13 August 2010

Hitoshi Abe launches book at RMIT Gallery

 Gretchen Wilkins and Professor Hitoshi

Gretchen Wilkins and Professor Hitoshi Abe at RMIT Gallery for the launch of Distributed Urbanism: Cities after Google Earth.

Hitoshi Abe, regarded as among the most important architects of the current Japanese generation, has launched Distributed Urbanism: Cities after Google Earth, at RMIT Gallery.

Edited by US architect and RMIT University senior lecturer Gretchen Wilkins, the book asks what kind of urbanism does Google Earth produce?

Since 2007, Hitoshi Abe has been based in California, where he is the Professor and Chair of the UCLA Department of Architecture and Urban Design.

After obtaining his PhD in architecture in1992, he set up Atelier Hitoshi Abe in Sendai, Japan.
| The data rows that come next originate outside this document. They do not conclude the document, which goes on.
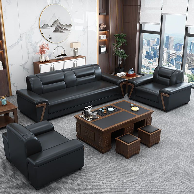 Kombinasi meja teh sofa kulit kantor bisnis ruang tamu pertemuan area sandaran sofa tiga kursi
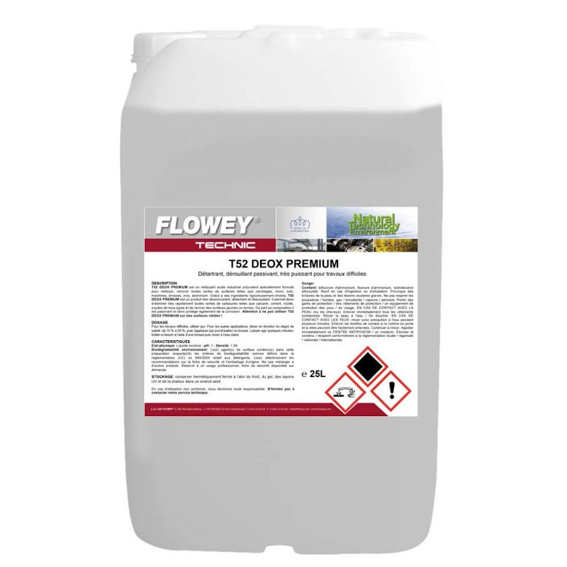T52 FLOWEY DEOX PREMIUM. Es un limpiador ácido industrial polivalente, especialmente formulado para limpiar y renovar cualquier superficie (azulejos, paredes, suelos, maquinaria, cepillos, acero inoxidable, aluminio). Permite eliminar rápidamente todo rastro de cal, cemento, herrumbre u óxido de cualquier tipo, y restaurar superficies amarillentas o parduzcas.
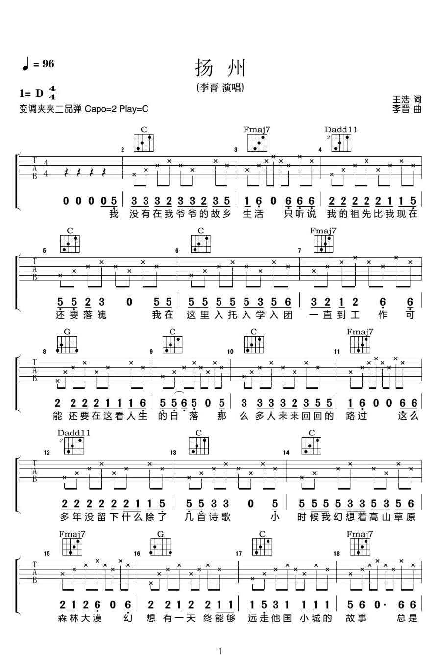 扬州吉他谱,李晋词曲创作演唱,选用C调指法编配,CAPO2品。琴友们弹唱的时候,把这首歌改成自己的家乡,也都有一番风味。一首关于城市的民谣歌曲,属于我们每个人的“扬州”,我在这里度过了人生的小半,也将会在这里静看人生的日落。就算我去过这世间再多的角落,也只有踏着它身上的灰尘与落叶...
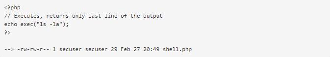 exec()功能是将命令作为参数,但不输出结果。如果指定了第二个可选参数,则返回结果为数组。否则,如果回显,只显示结果的最后一行。
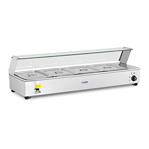 Kontrollleuchten informieren über den jeweiligen Betriebsstatus; die Temperatur kann zudem bequem vom großen, digitalen Display abgelesen. Dank der Edelstahllegierung sind Behälter denn Deckel spülmaschinenfest. Der Bain Marie Speisenwärmer verfügt über einen Glasschutz nicht mehr da Sicherheitsglas, der je nach Bedarf mit wenigen Handgriffen montiert oder abermals entfernt werden kann.
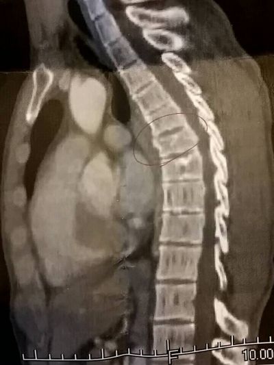 どこの骨が折れたかと言いますと、第7胸椎圧迫骨折と、首の付け根?の骨が欠けております(T^T)早く復帰したいですが、こればっかりは日にち薬のようです(´;ω;`)しっかり治してまた頑張りたいです!!○で囲んだ骨が傷んでいるみたいです!おかげで息をすると肺が大きくなるので息をするだけで痛みます(^_^;)割れてるのが首の付け根辺りの骨らしいです(^_^;)
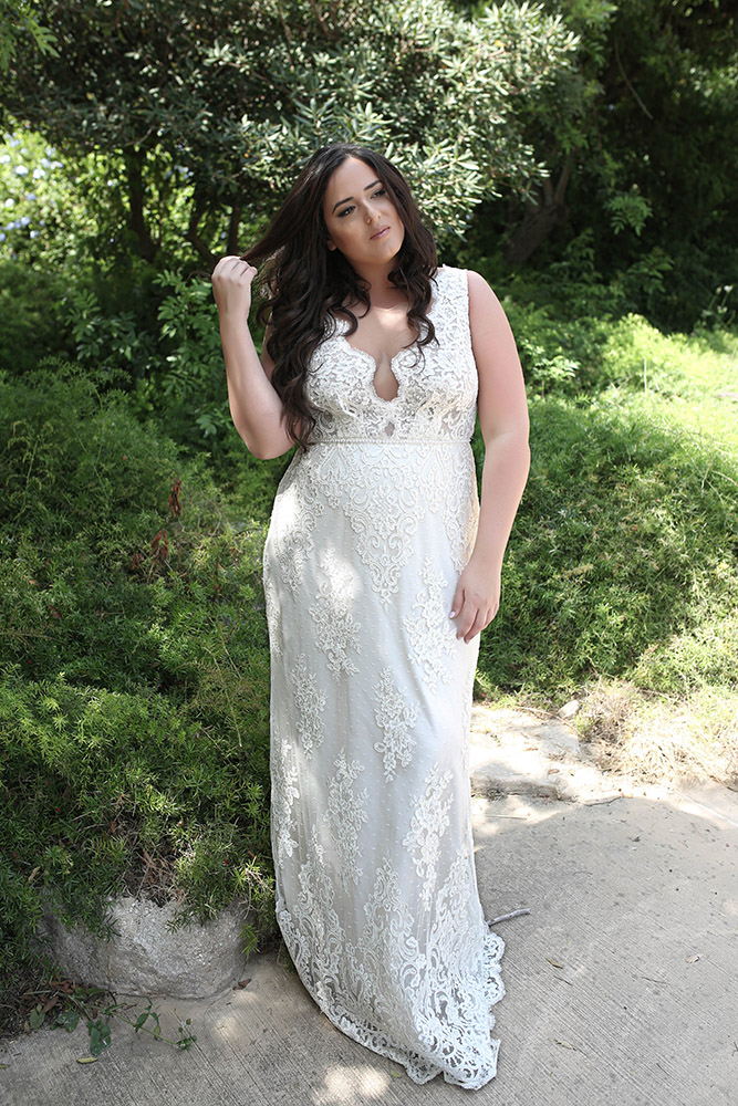Super modern, super flattering gown with dramatic scalloped neckline.
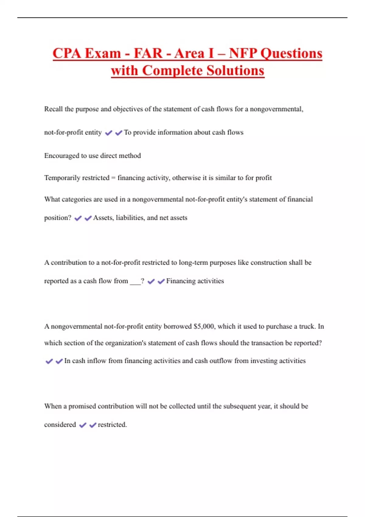 NFP Test Questions and Answers 100% Correct 2 Exam (elaborations) NFP Exam 3 (CH6, 7, & 8) Questions with Complete Solutions 3 Exam (elaborations) NFP Final Exam Review Chapter 14 Questions and Answers Graded A+ 4 Exam (elaborations) NFP HW MC Exam 1 Questions and Answers|Latest Update 5 Exam (elaborations) F6: NFP Revenue Recognition Questions
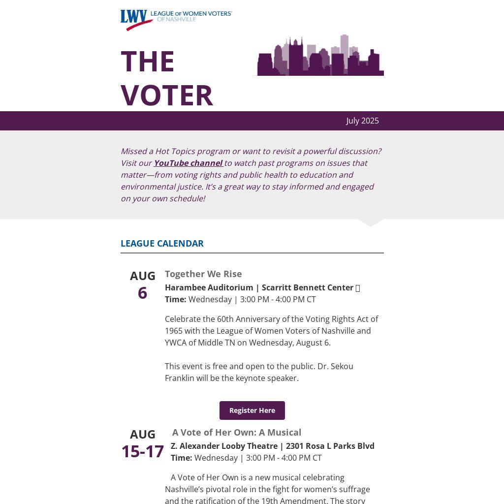 Celebrate the 60th Anniversary of the Voting Rights Act of 1965 with the League of Women Voters of Nashville and YWCA of Middle TN on Wednesday, August 6.

He is known for work that is spatially complex and structurally innovative.

Professor Hitoshi is currently in Australia, where he has been speaking about his work, inspiration and vision for design futures.

"I’ve known Gretchen for a really long time and it’s a real pleasure to launch this book at RMIT Gallery," he said.
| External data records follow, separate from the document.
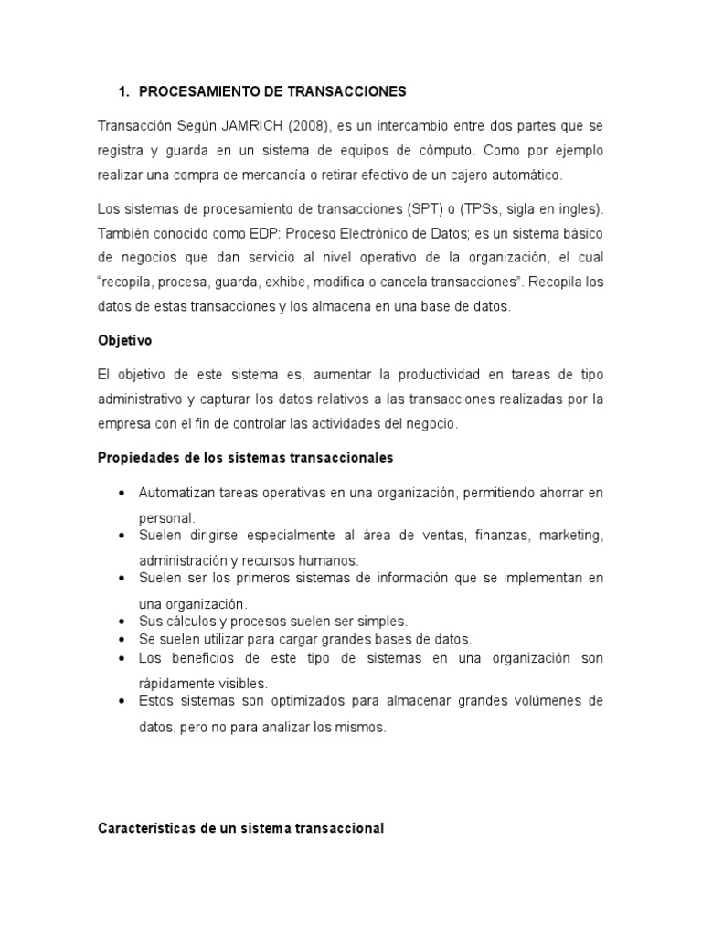 Sistemas De Procesamiento De Transacciones Caracteristicas Y
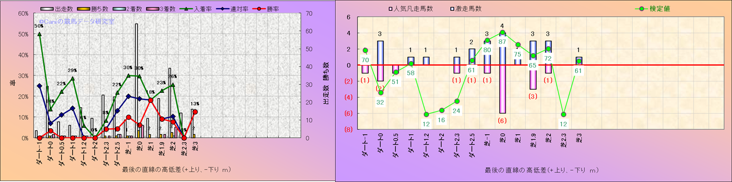 コース、最後の直線の高低差別解析(平地)-近3年- |
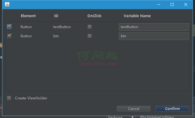 然後會出現這個,可以改改名字,或者設置onclick,點擊確定就可以了

"Distributed Urbanism investigates three important issues; how cities are changing, how technology contributes to this change, and how architects are responding to this change through new types of practice.

"Collectively these stories about cities are a way to understand the technologies and practices that are currently shaping contemporary urbanism."

Ms Wilkins teaches in RMIT’s Urban Architecture Laboratory and is also co-ordinator of the World Architecture Workshop.

She became connected with Professor Abe through their mutual interest in the way cities are changing when she was Assistant Professor at the University of Michigan and Research Fellow at the Japan Foundation. She published a monograph on Professor Abe in 2008.

"It is fitting that Hitoshi Abe launched this book at RMIT Gallery, as a contributor and given his important work on the urbanism of Sendai, Japan," Ms Wilkins said.

"Putting the book together was a process of experiencing multiple cities virtually and understanding how open source free tools like Google Earth are used architecturally."

Distributed Urbanism’s collection of essays and projects, both imagined and real, compiles work by leading architects and theorists from a global perspective.

RMIT Gallery Director Suzanne Davies said it was vital that the creative arts were part of the ongoing debate about the way technology is changing the way we live.

"It is fitting that Distributed Urbanism was launched at RMIT Gallery, given the strong ties with the University’s architecture School and our history of architecture and design based exhibitions," Ms Davies said.